SuperH (or SH) is a 32-bit reduced instruction set computing (RISC) instruction set architecture (ISA) developed by Hitachi and currently produced by Renesas. It is implemented by microcontrollers and microprocessors for embedded systems.
|Bits||32-bit (32 → 64)|
|Encoding||SH2: 16-bit instructions; SH2A and newer: mixed 16- and 32-bit instructions|
|Open||Yes, and royalty-free|
At the time of introduction, SuperH was notable for having fixed-length 16-bit instructions in spite of its 32-bit architecture. This was a novel approach; at the time, RISC processors always used an instruction size that was the same as the internal data width, typically 32 bits. Using smaller instructions had consequences: the register file was smaller and instructions were generally two-operand format. But for the market the SuperH was aimed at, this was a small price to pay for the improved memory and processor cache efficiency.
Later versions of the design, starting with SH-5, included both 16- and 32-bit instructions, with the 16-bit versions mapping onto the 32-bit version inside the CPU. This allowed the machine code to continue using the shorter instructions to save memory, while not demanding the amount of instruction decoding logic needed if they were completely separate instructions. This concept is now known as a compressed instruction set and is also used by other companies, the most notable example being ARM for its Thumb instruction set.
The SuperH processor core family was first developed by Hitachi in the early 1990s.
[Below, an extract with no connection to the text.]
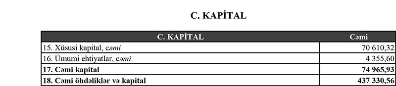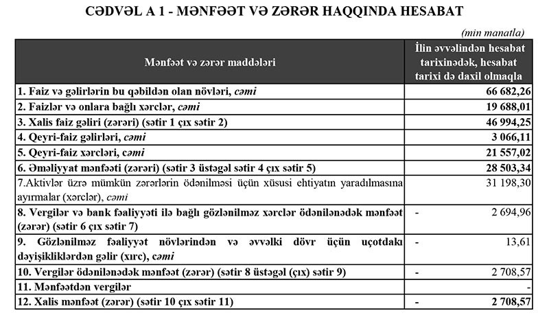 Faiz və qeyri-faiz xərcləri çıxıldıqdan sonra Bankın 28 milyon 503 min manat əməliyyat mənfəəti qalıb. Bank, aktivlər üzrə mümkün zərərlərin ödənilməsi üçün xüsusi ehtiyatın yaradılmasına 31 milyon 198 min manat ayırdığından ötən ili 2 milyon 708 min manat zərər ilə başa vurub.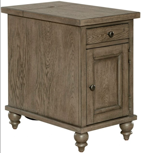 Scaled for just the right spot, America Farmhouse chairside table can be used between two recliners or a nightstand in the bedroom. Crafted of poplar solids and white oak veneers with a dusty taupe finish. Features one full extension drawer, a door for space to stash essentials and turned bun feet.Read More

The design concept was for a single instruction set (ISA) that would be upward compatible across a series of CPU cores.
In the past, this sort of design problem would have been solved using microcode, with the low-end models in the series performing non-implemented instructions as a series of more basic instructions. For instance, an instruction to perform a 32 x 32 -> 64-bit multiply, a "long multiply", might be implemented in hardware on high-end models but instead be performed as a series of additions on low-end models.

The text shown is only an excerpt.